Stored data

──────────

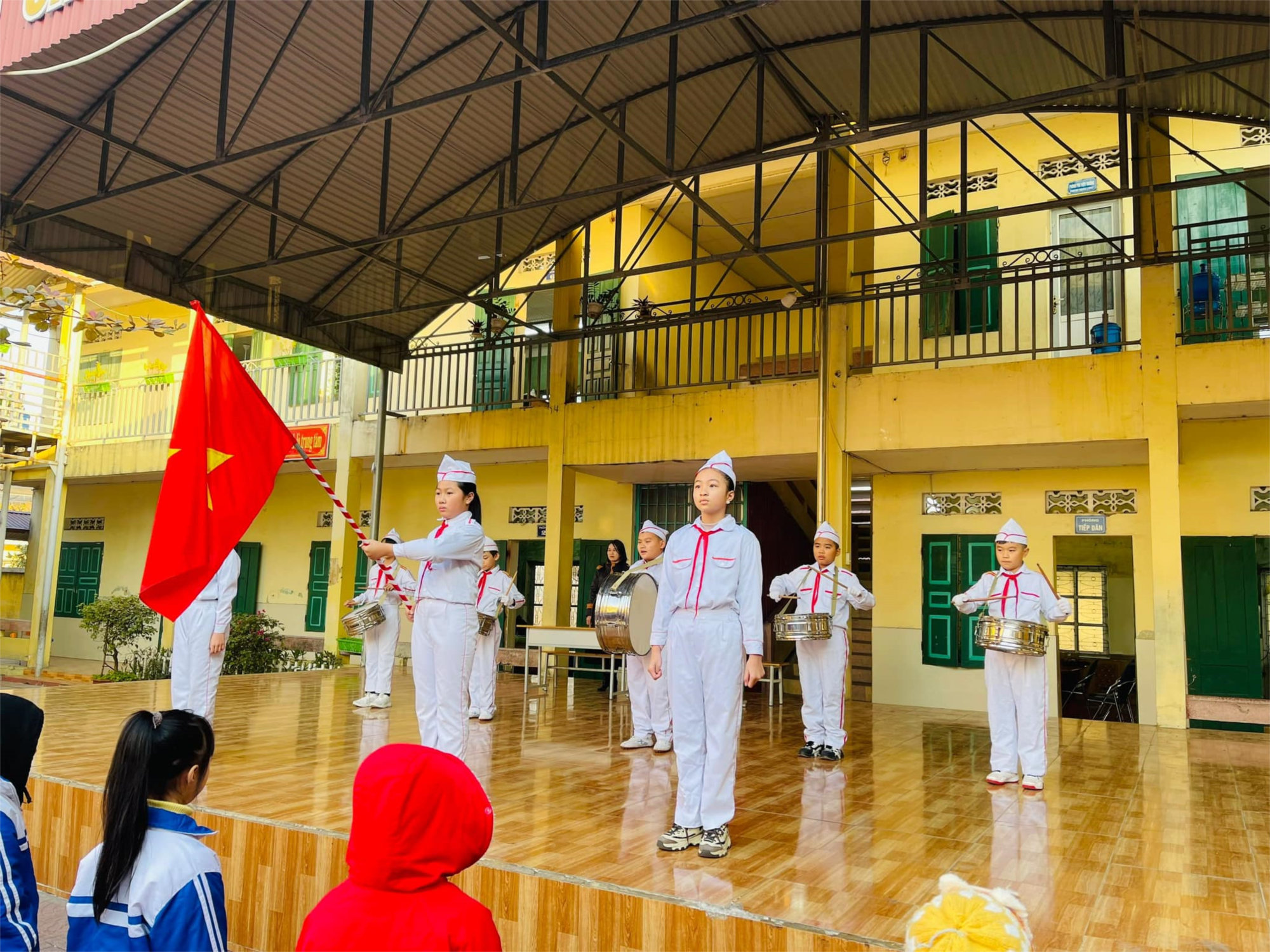 Trong lễ chào cờ cô giáo Tổng phụ trách đã tổng kết thi đua tháng 12, phát động thi đua tháng 1 và tuyên truyền tới các em học sinh các quy định về việc không sử dụng pháo nổ, vũ khí vật liệu nổ, các loại đồ chơi nguy hiểm vào dịp Tết Nguyên Đán Ất Tỵ năm 2025.
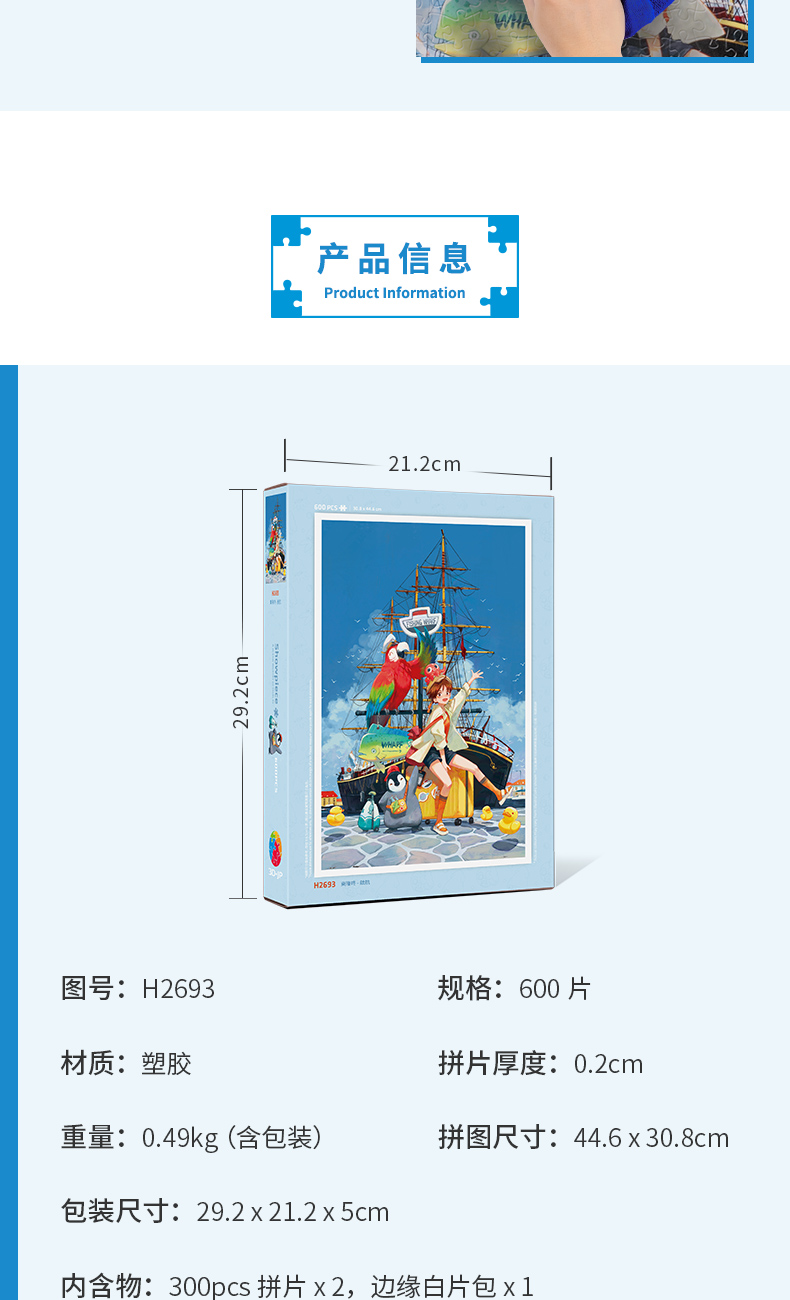 【折扣商品 不退不换】600片 平面拼图 塑料拼图 H2693 东隆咚-启航
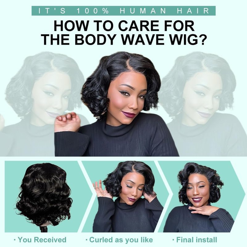 - Body Wave Lace Front Wigs Package: 4x4 Glueless Bob Wig Human Hair Wig With Pretty Gifts ( Wig Caps + 1 Pair of 3D Eye Lashes+Pretty Nail Stickers )
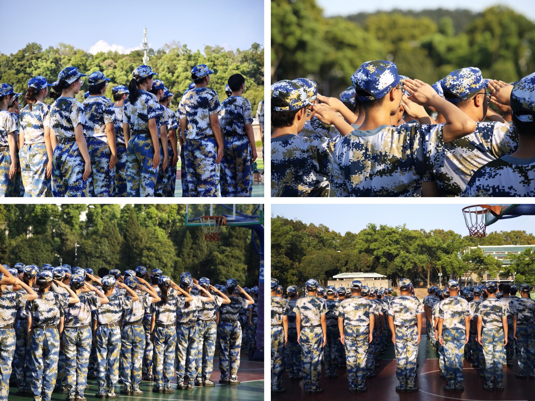 “向左转,向右转,蹲下,起立……”强劲有力的口号声响彻桂园操场。斗大的汗珠浇灭不了学子们训练的热情,酸痛的腰肢阻挡不了学子们学习的决心。从站立到卧倒,从万物之源的军姿到整齐划一的原地踏步,有组织的训练将学子清澈的目光淬炼成了坚毅的眼神,有人走出了暑假的散漫,有人明白了爱国的意义,有人重拾了奋斗的信心。
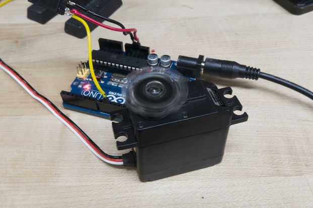 El motor está conectado a un Arduino, y se utiliza un código de barra simple:
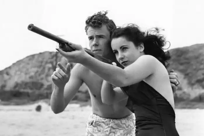 Элизабет Тейлор, проверяющая свою меткость на пляже, примерно 1948 год
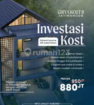 ️Griya Kost 2 Jatinangor Highly Profitable Investment Very Promising Prospects Comes with Rental Guarantee Very Flexible Payment Options Mortgage Available Cash Payment (Discounts available, attractive) Installment Payment Available This Griya Kost 2 is designed to meet the need for a Very Comfortable residence for students. This kost has the added value of a Double Balcony to enjoy the Beautiful Mountain View with a still very Cool Air Temperature. INCOME SIMULATION FOR 6-ROOM KOST Rent per room: Rp1,500,000 / month Income: Rp9,000,000 / month Rp108,000,000 / year -Potential annual rent increase of at least 10% -Potential ROI up to 12% per Year -Potential Capital Gain up to 20% per Year ️Highly Strategic Location: 1.Only 950m from UNPAD Gate 2.Only 1.9km from ITB Gate 3.Only 1.8km from Jatinangor Toll Gate 4.Only 1.4km from Jans Park Kost Specifications: 2-Story Building 72m 6 Bedrooms Ensuite Bathroom Spacious Carport Double Balcony with Charming View Shared Kitchen Contact GANI WA / 08132206xxxx
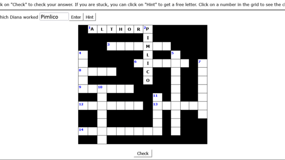 Princess Diana Crosswords No.1 is a crossword game hosted on Princess-Diana.co.uk based around the life of Princess Diana, made in her memory.
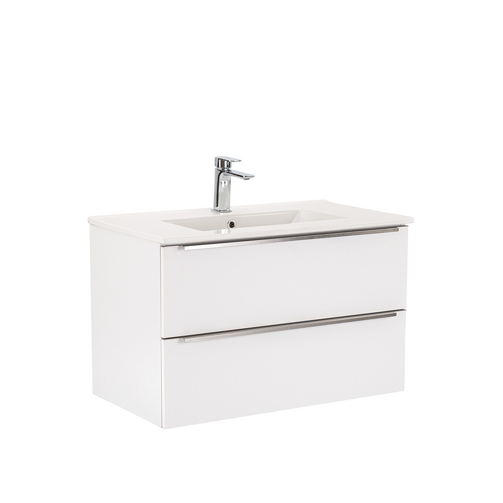 A Vario Trim 80 komplett fürdőszobabútor egy stílusos és praktikus választás modern fürdőszobához. Kompakt méretei ideálisak kisebb és közepes méretű fürdőszobákba is, és a fém fogantyú profil patinás hatást, az fehér-fehér színű dizájn elegáns megjelenést kölcsönöz a térnek. A csillapítós fiókzáródás és a felfüggesztett kivitel a kényelmet és könnyű tisztántartást szolgálja, míg a minőségi anyagok hosszú élettartamot biztosítanak.

──────────

▶ Work required
Write out the whole of the data exactly; the pictures stay out.

▶ Solved exercise
 Trong lễ chào cờ cô giáo Tổng phụ trách đã tổng kết thi đua tháng 12, phát động thi đua tháng 1 và tuyên truyền tới các em học sinh các quy định về việc không sử dụng pháo nổ, vũ khí vật liệu nổ, các loại đồ chơi nguy hiểm vào dịp Tết Nguyên Đán Ất Tỵ năm 2025.
 【折扣商品 不退不换】600片 平面拼图 塑料拼图 H2693 东隆咚-启航
 - Body Wave Lace Front Wigs Package: 4x4 Glueless Bob Wig Human Hair Wig With Pretty Gifts ( Wig Caps + 1 Pair of 3D Eye Lashes+Pretty Nail Stickers )
 “向左转,向右转,蹲下,起立……”强劲有力的口号声响彻桂园操场。斗大的汗珠浇灭不了学子们训练的热情,酸痛的腰肢阻挡不了学子们学习的决心。从站立到卧倒,从万物之源的军姿到整齐划一的原地踏步,有组织的训练将学子清澈的目光淬炼成了坚毅的眼神,有人走出了暑假的散漫,有人明白了爱国的意义,有人重拾了奋斗的信心。
 El motor está conectado a un Arduino, y se utiliza un código de barra simple:
 Элизабет Тейлор, проверяющая свою меткость на пляже, примерно 1948 год
 ️Griya Kost 2 Jatinangor Highly Profitable Investment Very Promising Prospects Comes with Rental Guarantee Very Flexible Payment Options Mortgage Available Cash Payment (Discounts available, attractive) Installment Payment Available This Griya Kost 2 is designed to meet the need for a Very Comfortable residence for students. This kost has the added value of a Double Balcony to enjoy the Beautiful Mountain View with a still very Cool Air Temperature. INCOME SIMULATION FOR 6-ROOM KOST Rent per room: Rp1,500,000 / month Income: Rp9,000,000 / month Rp108,000,000 / year -Potential annual rent increase of at least 10% -Potential ROI up to 12% per Year -Potential Capital Gain up to 20% per Year ️Highly Strategic Location: 1.Only 950m from UNPAD Gate 2.Only 1.9km from ITB Gate 3.Only 1.8km from Jatinangor Toll Gate 4.Only 1.4km from Jans Park Kost Specifications: 2-Story Building 72m 6 Bedrooms Ensuite Bathroom Spacious Carport Double Balcony with Charming View Shared Kitchen Contact GANI WA / 08132206xxxx
 Princess Diana Crosswords No.1 is a crossword game hosted on Princess-Diana.co.uk based around the life of Princess Diana, made in her memory.
 A Vario Trim 80 komplett fürdőszobabútor egy stílusos és praktikus választás modern fürdőszobához. Kompakt méretei ideálisak kisebb és közepes méretű fürdőszobákba is, és a fém fogantyú profil patinás hatást, az fehér-fehér színű dizájn elegáns megjelenést kölcsönöz a térnek. A csillapítós fiókzáródás és a felfüggesztett kivitel a kényelmet és könnyű tisztántartást szolgálja, míg a minőségi anyagok hosszú élettartamot biztosítanak.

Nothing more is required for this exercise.